WHAT IS NEEDED: From the line containing "Coiffes absentes ;" to the line containing "Probiere unser beliebtes" in the records below, set down every line exactly as it stands, both ends included, and skip the pictures.

RECORDS SHOWN:
^^^^^^^^^^^^^^^^
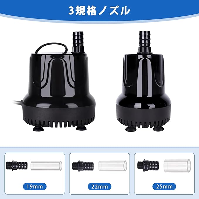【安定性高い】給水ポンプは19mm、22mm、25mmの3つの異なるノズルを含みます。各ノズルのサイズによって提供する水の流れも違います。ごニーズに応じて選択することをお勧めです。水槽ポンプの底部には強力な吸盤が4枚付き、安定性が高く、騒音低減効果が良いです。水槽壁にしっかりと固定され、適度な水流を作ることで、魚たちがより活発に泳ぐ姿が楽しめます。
^^^^^^^^^^^^^^^^
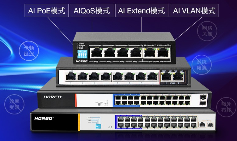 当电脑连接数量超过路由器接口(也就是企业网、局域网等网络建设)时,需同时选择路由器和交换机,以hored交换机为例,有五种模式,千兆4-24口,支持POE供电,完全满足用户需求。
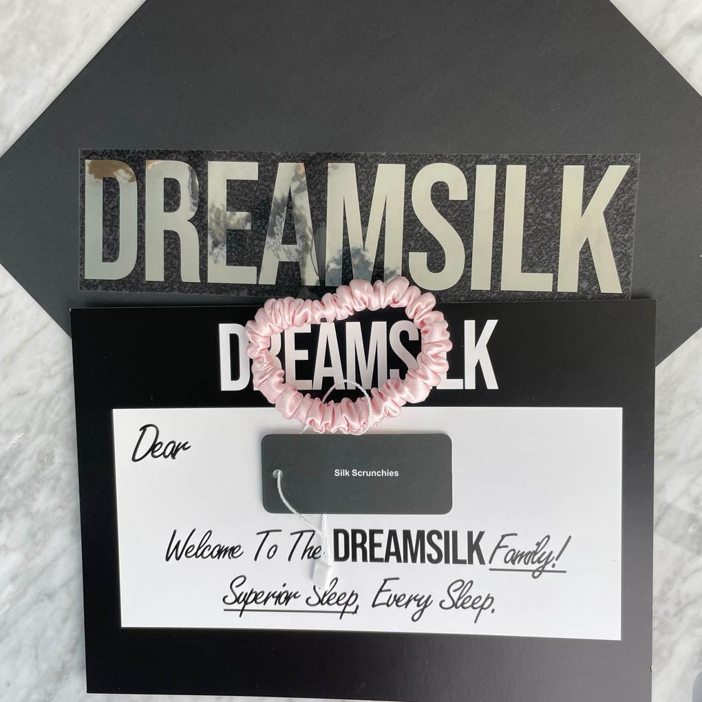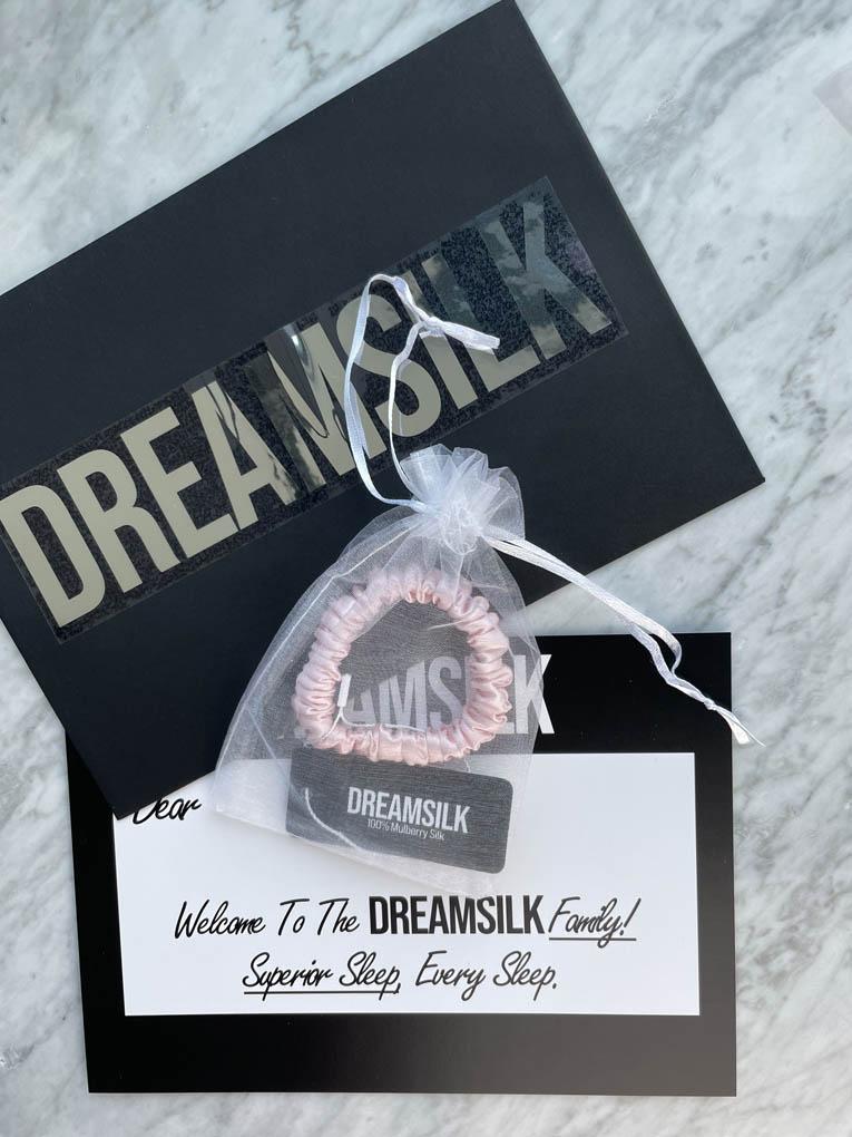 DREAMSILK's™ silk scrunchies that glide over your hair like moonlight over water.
^^^^^^^^^^^^^^^^
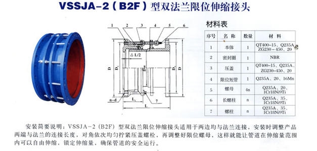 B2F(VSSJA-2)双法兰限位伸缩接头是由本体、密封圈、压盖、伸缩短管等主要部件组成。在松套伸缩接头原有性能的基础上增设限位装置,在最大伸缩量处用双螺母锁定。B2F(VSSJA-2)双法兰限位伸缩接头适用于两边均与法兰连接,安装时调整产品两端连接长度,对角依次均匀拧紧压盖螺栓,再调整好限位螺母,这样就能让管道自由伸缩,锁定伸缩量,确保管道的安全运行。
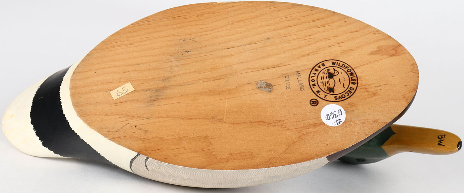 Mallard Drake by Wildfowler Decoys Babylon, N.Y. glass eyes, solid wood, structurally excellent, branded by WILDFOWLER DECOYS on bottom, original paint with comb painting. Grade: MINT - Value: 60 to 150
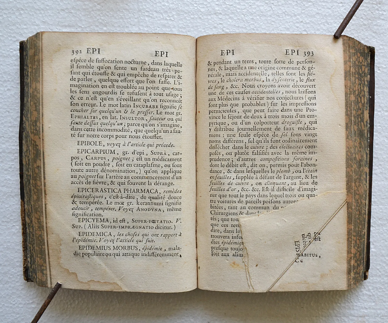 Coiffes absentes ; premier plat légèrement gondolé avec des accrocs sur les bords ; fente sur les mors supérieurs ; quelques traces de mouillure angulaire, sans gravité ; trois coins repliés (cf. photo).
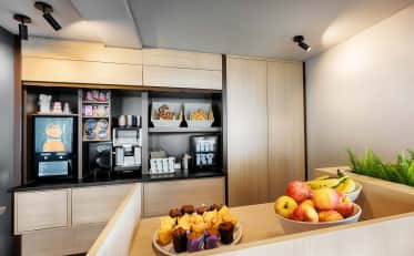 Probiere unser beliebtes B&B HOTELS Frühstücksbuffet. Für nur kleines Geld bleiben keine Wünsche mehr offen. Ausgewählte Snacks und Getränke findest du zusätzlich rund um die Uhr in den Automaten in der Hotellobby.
^^^^^^^^^^^^^^^^
RESPONSE TO THE TASK:
 Coiffes absentes ; premier plat légèrement gondolé avec des accrocs sur les bords ; fente sur les mors supérieurs ; quelques traces de mouillure angulaire, sans gravité ; trois coins repliés (cf. photo).
 Probiere unser beliebtes B&B HOTELS Frühstücksbuffet. Für nur kleines Geld bleiben keine Wünsche mehr offen. Ausgewählte Snacks und Getränke findest du zusätzlich rund um die Uhr in den Automaten in der Hotellobby.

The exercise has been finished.